Through rational molecular structure design, we developed protic poly(ionic liquids) (PPILs) water-based lubricating additives, PPD-N, by combining a polymer chain visco-enhancing structure with a proton-type ionic liquids lubricating structure. PPD-N demonstrates excellent viscosity enhancement, corrosion resistance, and lubricating properties. Kinematic and dynamic viscosities of different water-based lubricating fluids were investigated at 25 ℃ and 40 ℃ using a Pinkevitch Viscometer and a rotational rheometer, with the commercial viscosity builder, Koreox W55000, serving as the control. Following the national standard GB/T 6144—2010, we evaluated corrosion inhibition performance on first-grade gray cast iron using immersion corrosion tests, comparing deionized water, 6% PPD-N, and Koreox W55000 aqueous solution. The friction reduction performance of PPD-N additives was assessed using the SRV-V tester, while its anti-wear properties were characterized using a fully automated real-color confocal microscope. Elastohydrodynamic lubrication properties of PPD-N were investigated by optical interferometry. The surface micromorphology of wear patches was observed using scanning electron microscopy. We also investigated the lubrication mechanisms of the additives using X-ray photoelectron spectroscopy (XPS) and time-of-flight secondary ion mass spectrometry (ToF-SIMS).

The results of ¹H NMR, FT-IR, GPC and TGA tests confirmed the successful synthesis of PPD-N, which demonstrated excellent thermal stability with 5% and 10% thermal decomposition temperatures of 249.7 ℃ and 268.9 ℃, respectively. Adding PPD-N can significantly improve the viscosity of water-based lubricants, with viscosity increasing proportionally to the PPIL additive content. PPD-N also effectively reduced the corrosion of cast iron sheets caused by water-based lubricants, outperforming commercial water-based viscosity builders at equivalent concentrations. At a 6% concentration, the PPD-N aqueous solution achieved a coefficient of friction and wear volume of 0.106 and 22.89×10^-5 mm³, respectively, a reduction of about 66% and 85% compared to water's coefficient of friction (0.314) and wear volume (148.20×10^-5 m³). Elastohydrodynamic lubrication tests revealed that the PPD-N-containing aqueous solution increased the film thickness at the friction interface with rising velocity. Both the central film thickness and minimum film thickness at the lubricant outlet were significantly higher than those of deionized water. Based on XPS and ToF-SIMS analyses, the lubrication mechanism of PPD-N can be attributed to the formation of tribochemical reaction films and adsorption films at the friction interface. These films effectively prevent direct contact between friction surfaces, endowing the water-based lubricant with superior tribological performance.
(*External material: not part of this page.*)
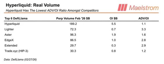 在头部 5 家永续合约 DEX 中,Hyperliquid 的交易量最真实,因为它的 ADV/OI 比率最低。当交易者意识到竞争对手平台的流动性很多是虚假的,或者积分 / 代币挖矿已经结束,他们就会回流 Hyperliquid。
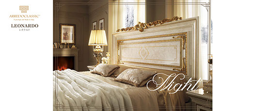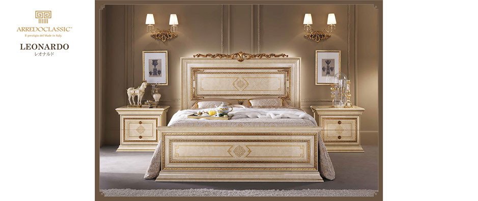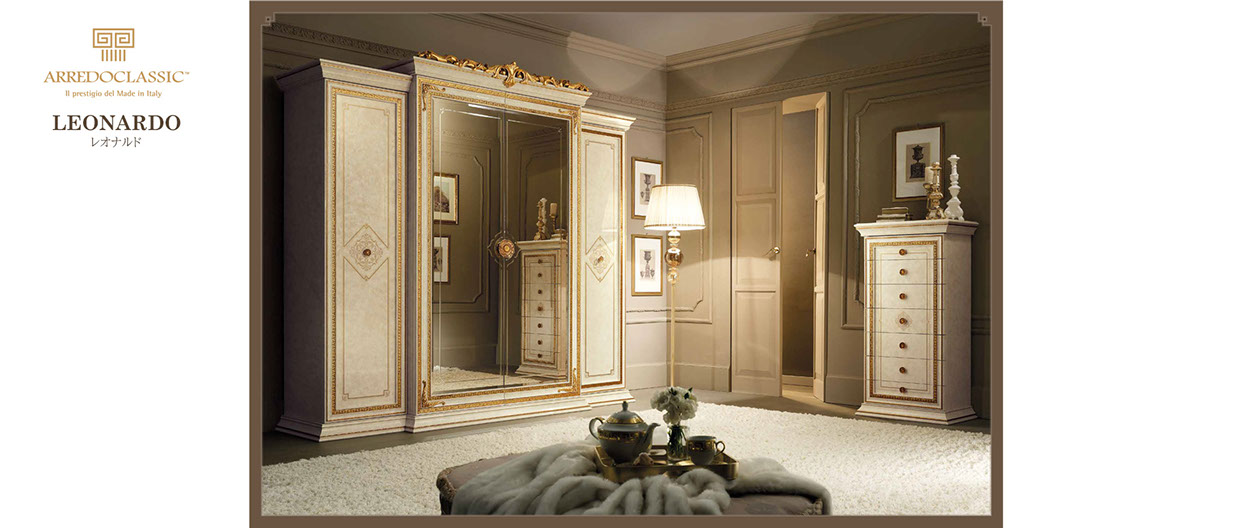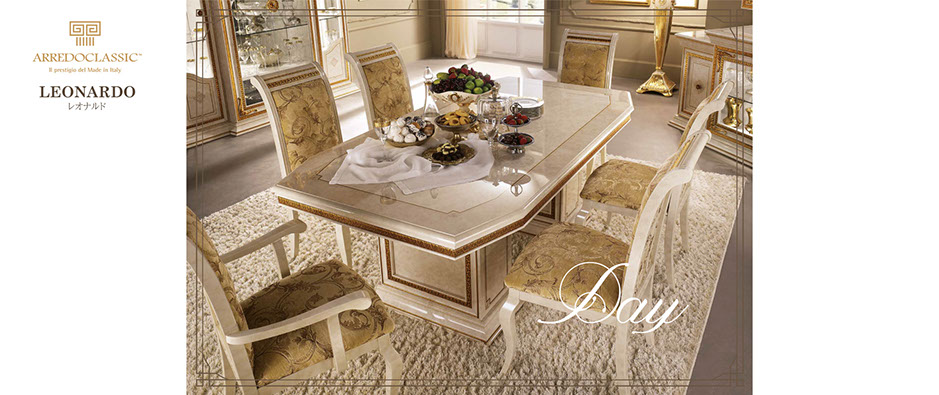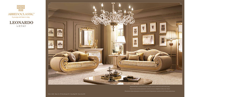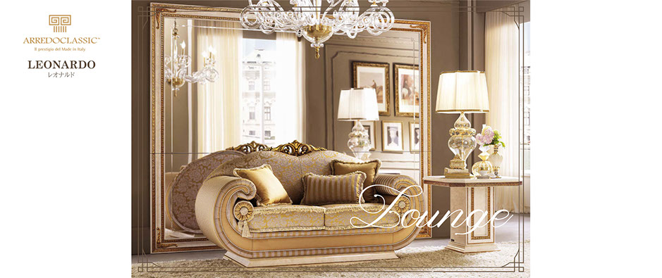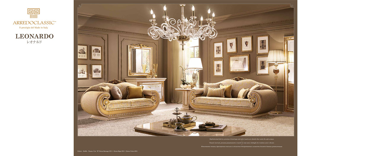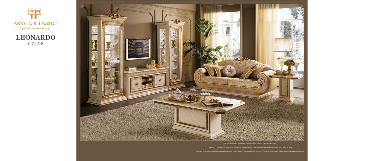 レオナルド・コレクションは、金箔の装飾や繊細な金箔の小花、そして優美な額縁を通じて、気品あるライフスタイルを語りかけるようにデザインされています。アレドクラシックの家具が置かれる空間には、この優雅さが静かに息づきます。コレクションの各アイテムは、大胆でありながら均整の取れたラインに独自のディテールが施され、それぞれが個性を放ちながらも、全体として調和のとれた美しい構成を生み出しています。リビングルームやパーラーなどの居住空間では、光沢を帯びた繊細な表面、ガラスの透明感、そしてきらめくゴールドのアクセントが、空間に明るさと洗練をもたらします。ベージュとゴールドのファブリックもまた魅力的です。ソファの優雅な曲線を包み込み、ゲストや居住者を柔らかく迎え入れます。座り心地は格別で、繊細に構築されたベース部分は、古代文明の意匠を思わせる趣を漂わせています。さらに、空間全体を完成へと導くために、芸術家具の高貴な伝統を想起させる金箔の装飾を加えることも可能です。細部に宿るその輝きが、空間に一層の格調を添えます。

Compared to the commercial viscosity builder, Koreox W55000, PPD-N additives demonstrate superior lubricity and anti-wear properties. They significantly enhance the viscosity of water-based lubricants and effectively inhibit cast iron corrosion in water. Free of phosphorus, sulfur, and halogens, PPD-N is simple to synthesize, environmentally friendly, and has great potential as a viscosity-building lubricant additive for non-flammable hydraulic fluids and fully synthetic water-based metalworking fluids.